I am now considering the behavior of a class of second order ODE as $x$ is large enough. $$y''+\alpha(x)y'+y=0 \qquad (1)$$ Clearly, when $\alpha$ is a small constant, the equation changes into the damped vibration equation which has infinite zero points. To be precisely, when $\alpha \in (0,2)$ is a constant, the characteristic function $\lambda^2+\alpha \lambda +1$ leads to the solution $$\phi=C_1\exp(-\alpha)\cos(\sqrt{4-\alpha}x+C_2\exp(-\alpha)\sin(\sqrt{4-\alpha}x)$$ which is of infinite zero points.
Now I wonder when $\lim_{x\to \infty}\alpha(x)=0$, say $\alpha = \frac{1}{x}$, does the solution of (1) has the infinite zero points as $x$ is large enough? (I tried to use the Sturm Comparison Theorem.)
For $\alpha>0$ the solution is a damped oscillation or simply an exponential, if critically overdamped.
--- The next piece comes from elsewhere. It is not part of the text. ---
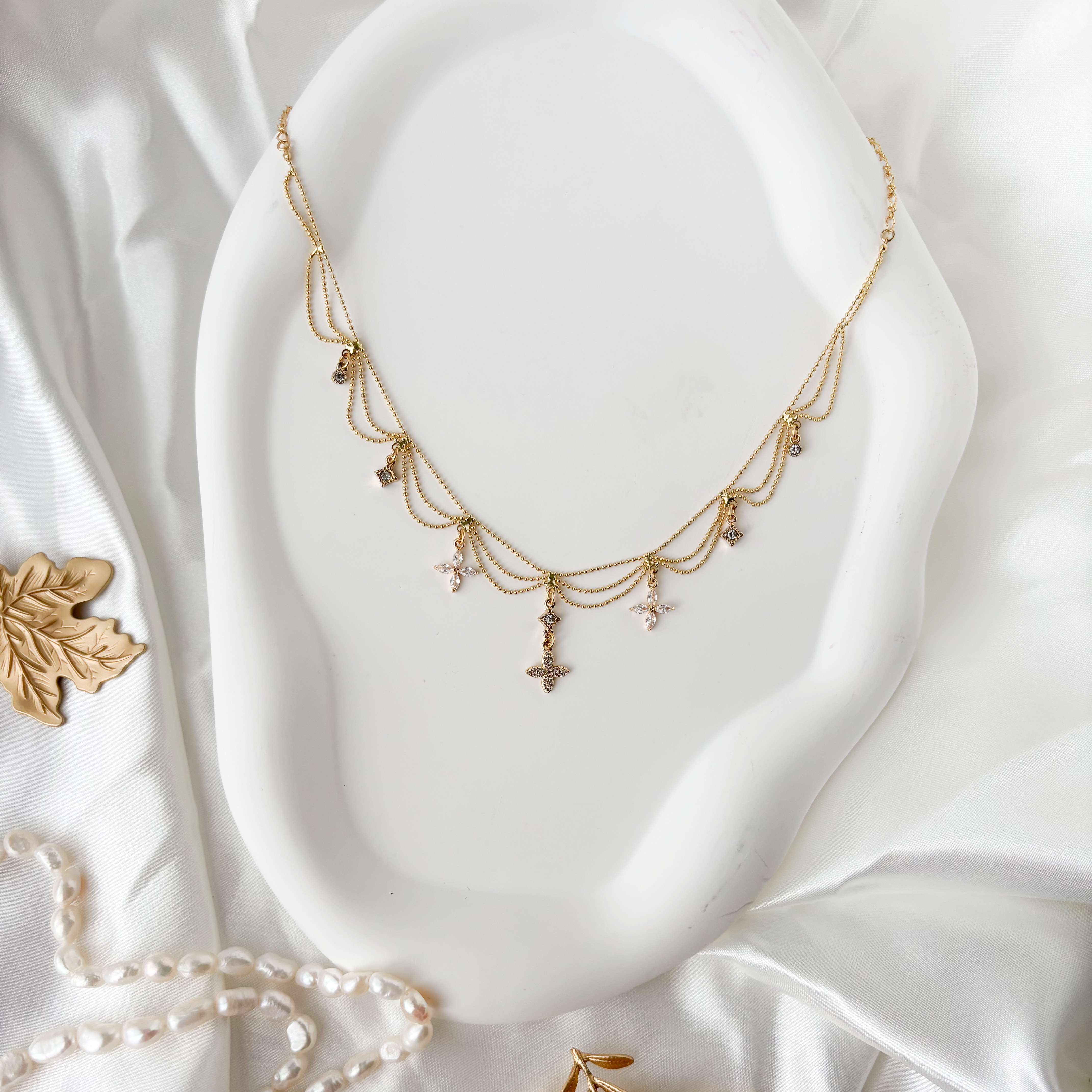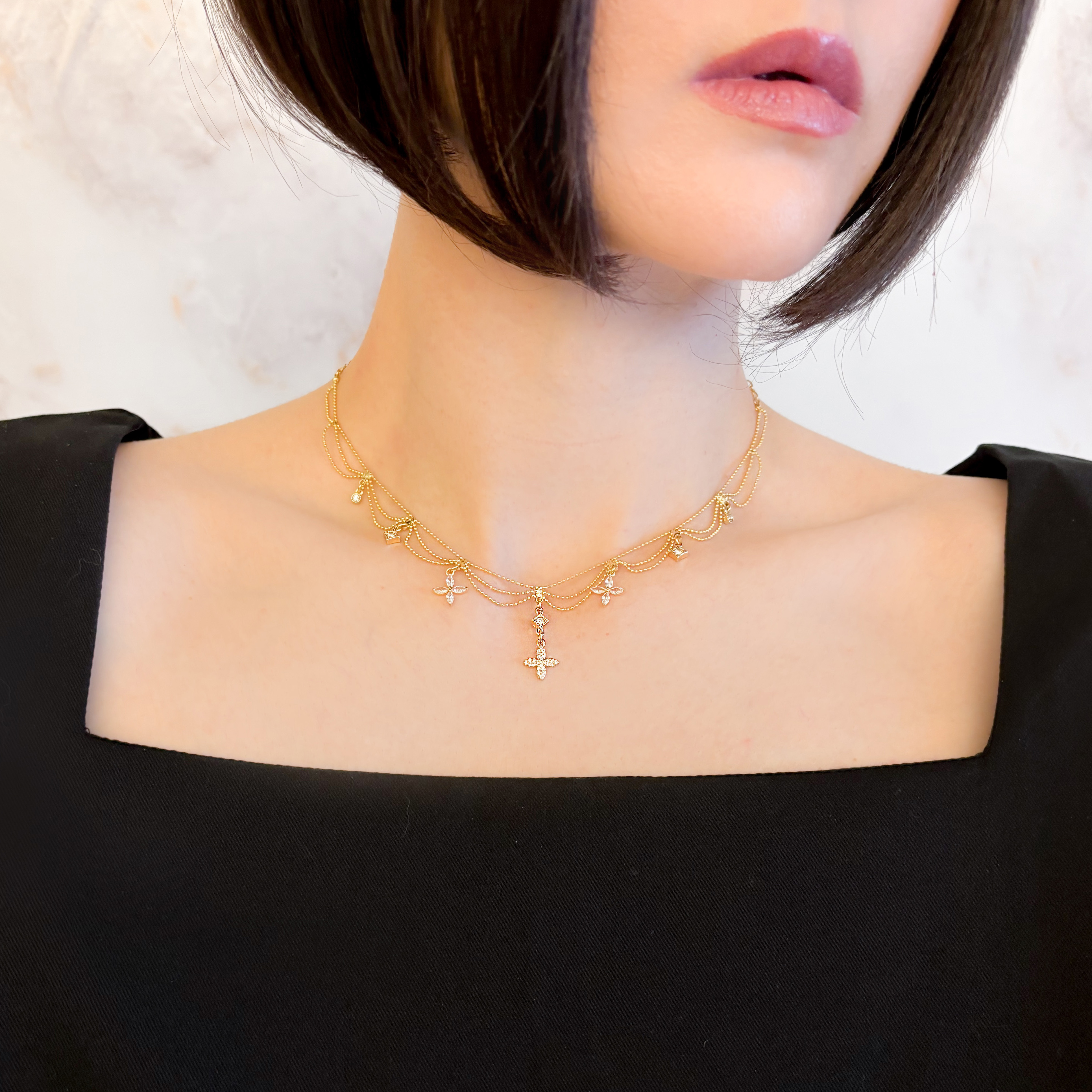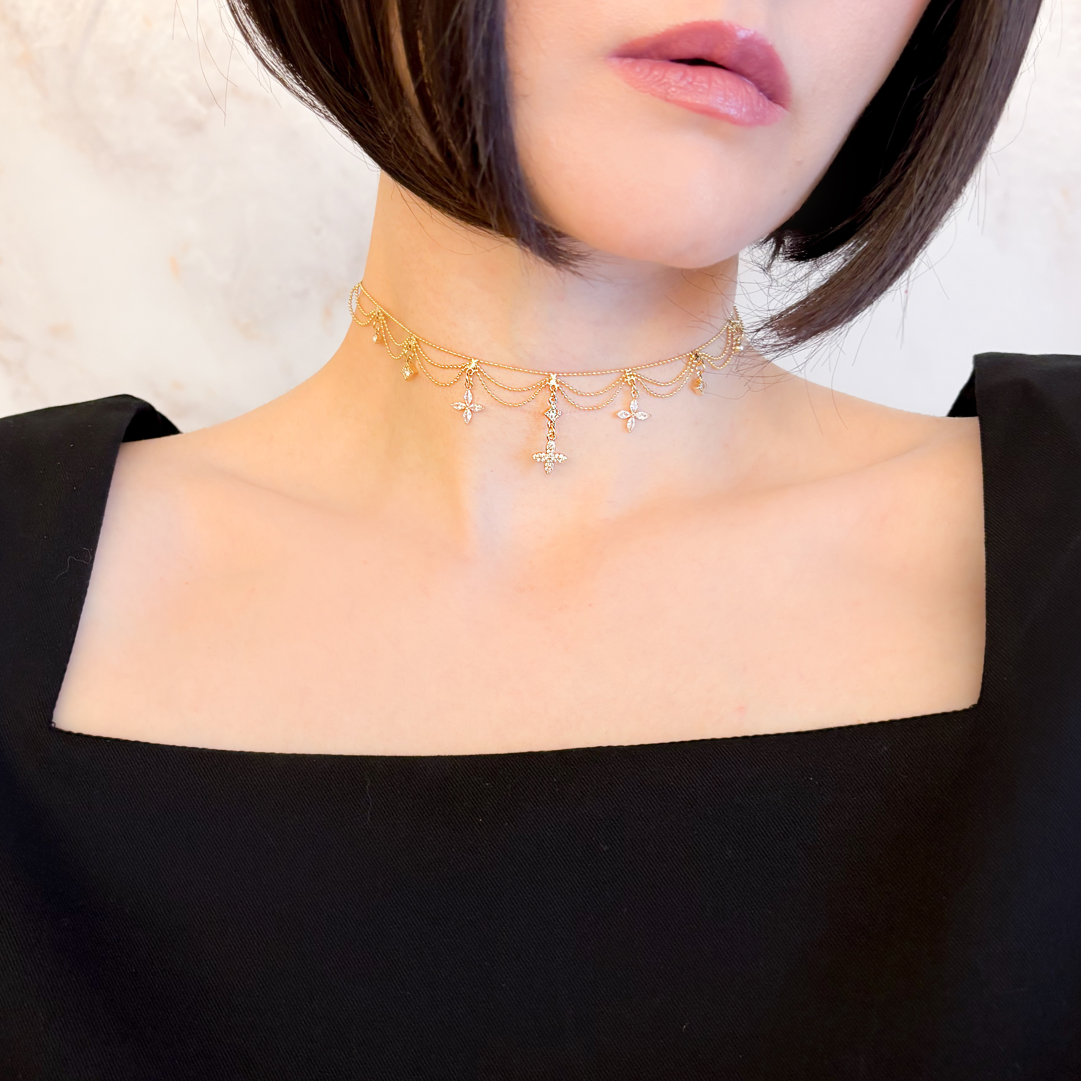 短くチョーカーとして纏えば、きらめきが小さなシャンデリアのように灯り、

If damping goes to zero, oscillations of however small amplitude survive. These can be stopped by a $\delta$-kick inhomogenous part only (physical experience).
For $\alpha$ negative, damping is time reversed, oscillations increasing. If the critical damping treshold is passed, the solution is exploding exponentially. If the antidamping factor goes to zero, again, an infinite oscillation survives for all times.